Hot on the heels of the decision in Dawson-Damer v Taylor Wessing LLP (see our 27 February newsletter for further details), the Court of Appeal has given further guidance on the proper approach to data subject access requests (DSARs) that are made in the context of (in this case employment-related) litigation. The decision in Oxford University v Deer is of particular interest because of its comments about when a court should exercise its discretion to order compliance with a DSAR.
Ms Deer was involved in long-running litigation with Oxford University concerning allegations of sex discrimination and victimisation. In the course of the litigation she made DSARs. The University initially refused to comply, on the basis that she was seeking to use the Data Protection Act to obtain disclosure for the purposes of her tribunal litigation. As the Court of Appeal made clear in the Dawson-Damer decision recently, having a "collateral purpose" of this sort in making a DSAR does not automatically mean that the request is invalid or that a Court will not order a data controller to comply.
Although the University subsequently disclosed some data to Ms Deer, she argued that it had not carried out adequate searches. Further searches were conducted by direction of the Court, involving the review of over 500,000 emails and other documents at a cost of around £120,000. This resulted in a further 33 documents being disclosed. The Court declared that these documents should have been disclosed within a reasonable period of the first DSAR, but refused to exercise its discretion to order the University to take any further steps to comply, as this would serve no useful purpose. The University appealed against the declaration and Ms Deer appealed against the decision not to require the University to take any further steps.
The Court of Appeal recognised that the fact that a DSAR is made for a collateral purpose such as to obtain documents for the purpose of litigation does not mean that a data controller can simply refuse to comply with the request. However, a data controller's duty is limited to taking reasonable and proportionate steps to identify and disclose relevant data. In addition, the exercise of the Court's discretion to order a data controller to comply with a DSAR is also subject to a general principle of proportionality. Relevant factors might include whether there is a more appropriate route to obtaining the requested information (eg disclosure), the nature and gravity of the breach, the reason why someone has made a DSAR, and whether the personal data is of real value to the data subject.

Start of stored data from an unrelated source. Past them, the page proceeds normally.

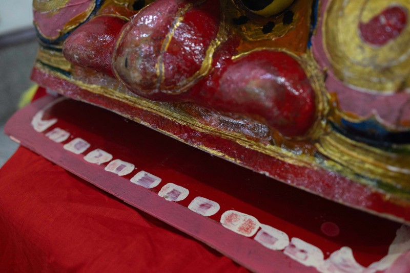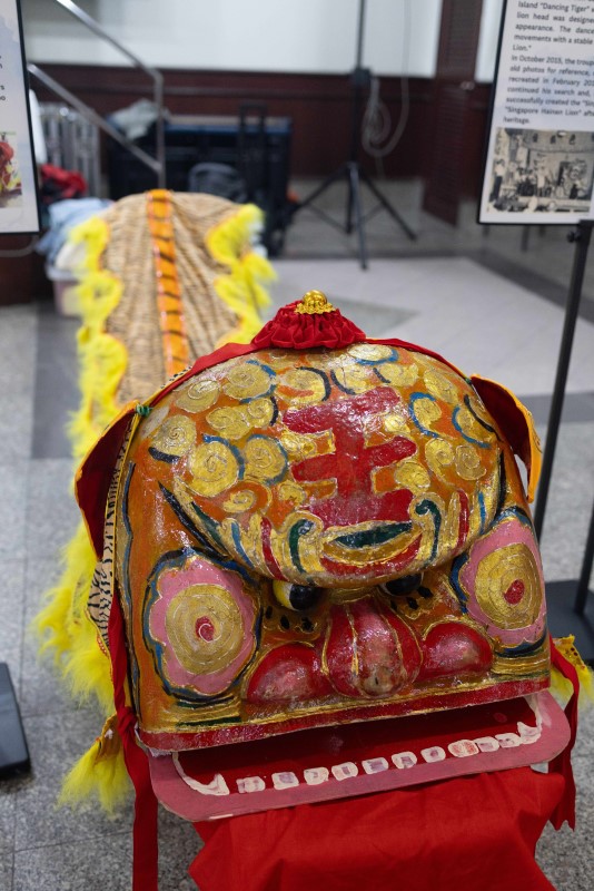 When Foo saw the full Hainan tiger at Luowu Village, he was astonished that it bore many similarities to the Hainan lion head in Gwang Wu’s possession in Singapore. The Hainan tiger had been brought to Singapore in the 1960s but it did not appeal to the masses, and thus rarely performed. At the time, the people were much more familiar with the Southern or Foshan (佛山), lion dance from Guangdong, especially during the Lunar New Year, and preferred a lion over a tiger to perform the “plucking of greens” (採青; cai qing) ritual to usher in good fortune and tidings.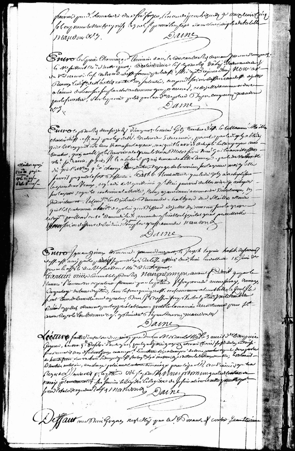 Cause entre le sieur Pierre Chamazard, écrivain dans le Bureau du Roi, demandeur; et maître Saillant, notaire, défendeur, ledit défendeur est renvoyé de l'action contre lui intentée, avec défense à l'avenir de jeter de l'eau sur ses planchers et de jeter ses ordures par les fenêtres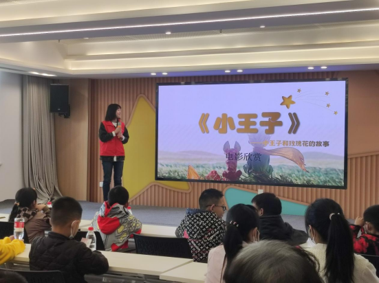 首先開始的是“影片賞析”活動。結(jié)合有趣的動畫,志愿者向小朋友們講解《小王子》影片中的唯美故事。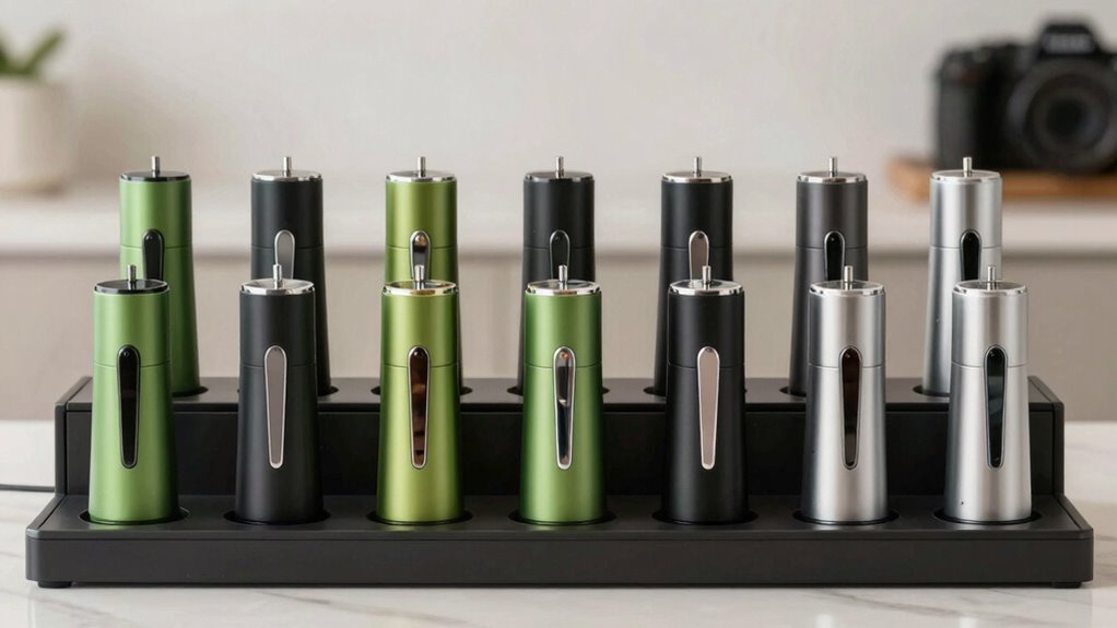 When selecting an electric matcha whisk machine, considering its design and portability is essential for convenience and ease of use. I look for a compact, lightweight model that’s easy to handle and carry, especially if I travel often. A built-in stand or storage case helps keep the device organized and protected when not in use. Wireless or battery-powered options are a plus, as they eliminate cords and allow more freedom of movement. An ergonomic grip and intuitive interface make operation comfortable, even during extended use. Durability is also key—materials like stainless steel ensure the whisk resists rust and withstands frequent use. Overall, a thoughtfully designed, portable machine enhances my brewing experience by combining practicality with functionality.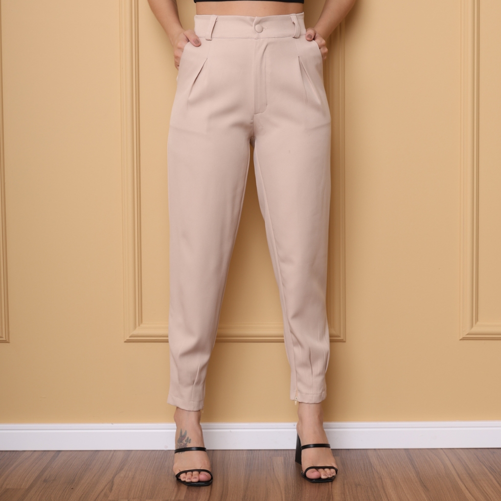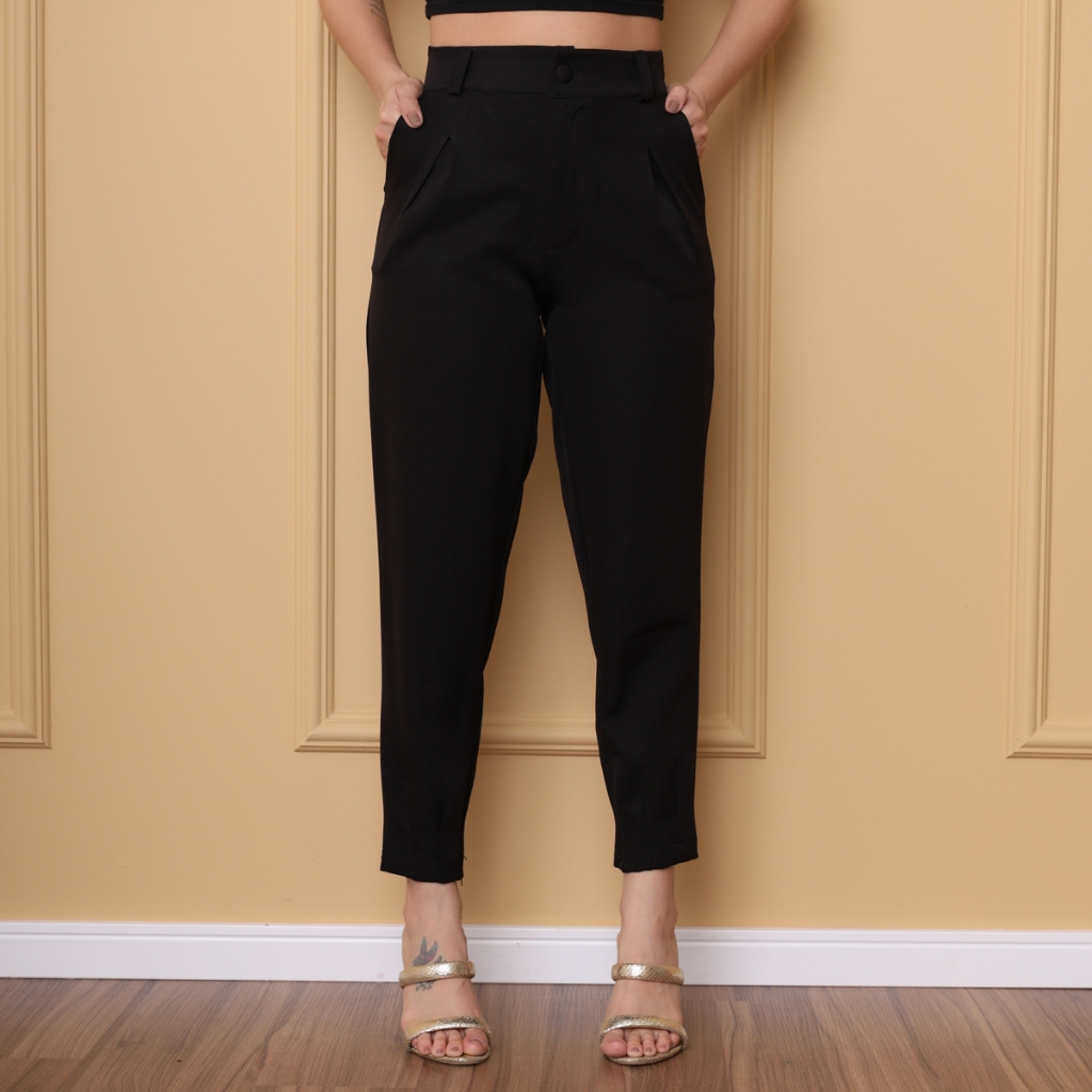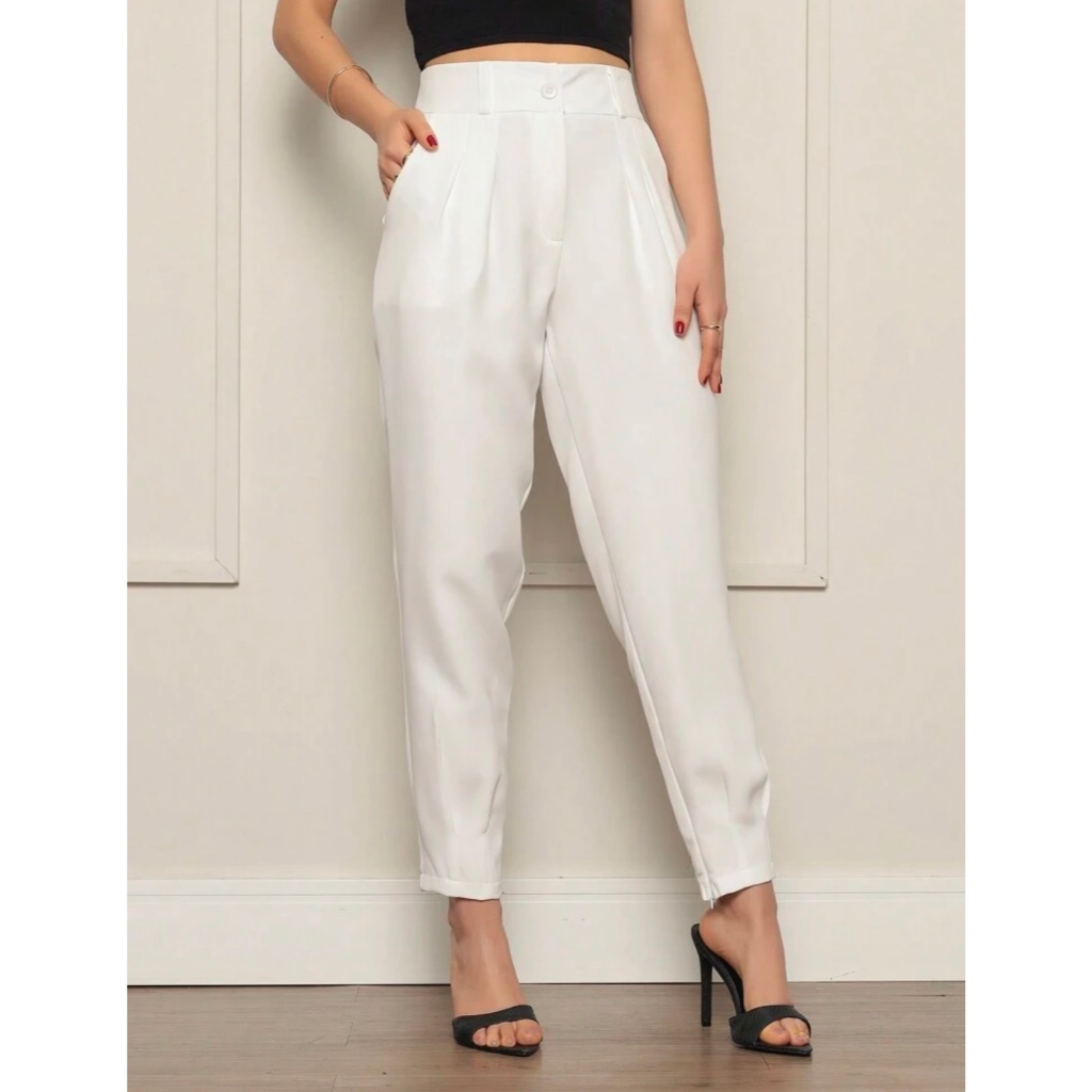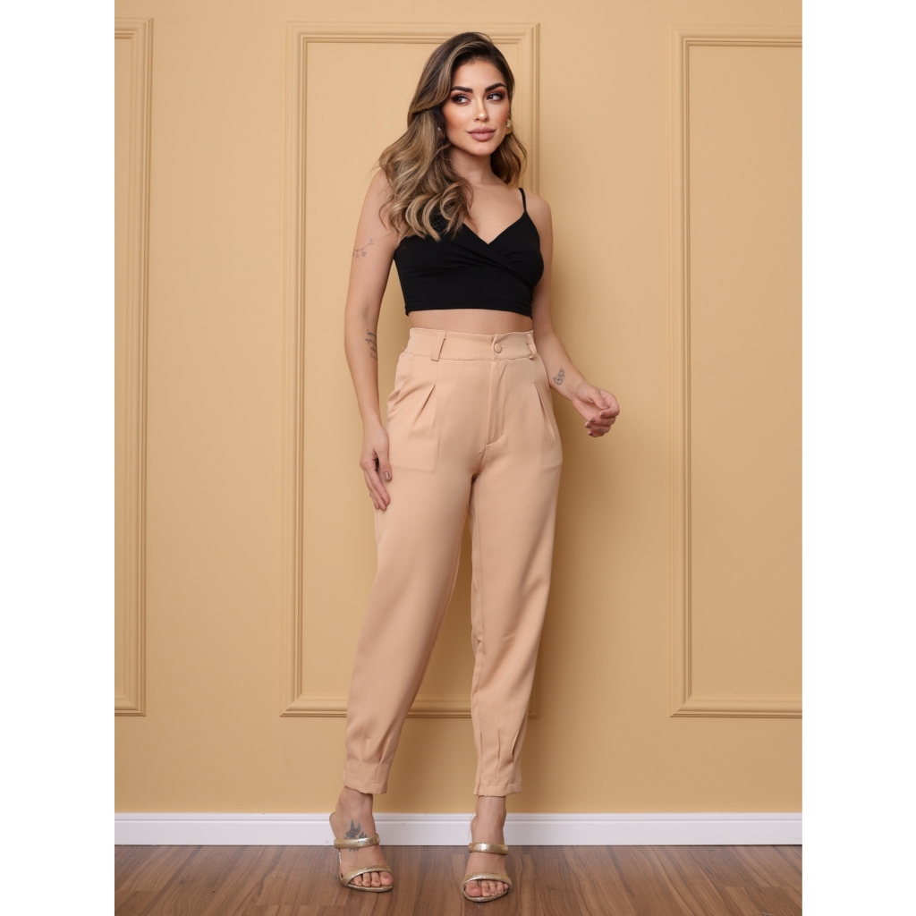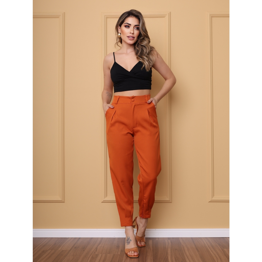 Calça Cenoura Jogger Alfaiataria Feminina Barra Com Ziper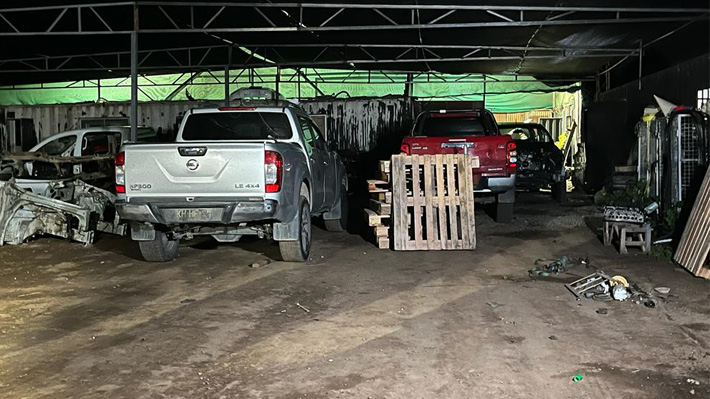 Carabineros encontró al menos seis vehículos robados, otros ya desarmados y siete con patentes falsas, que estaban ocultos en una parcela de la comuna d

Applying these principles, the University did not have good grounds for initially refusing to comply with the DSAR. It had not carried out a reasonable and proportionate search and the Court was entitled to make a declaration. However, the University had conducted the further searches that it was ordered to carry out and the Court was also entitled to conclude that requiring further steps to be taken would serve no useful purpose. In reaching that decision it was relevant that the data subject was engaged in a "relentless pursuit" not just of personal data but of documents, and that the DSARs themselves were disproportionate.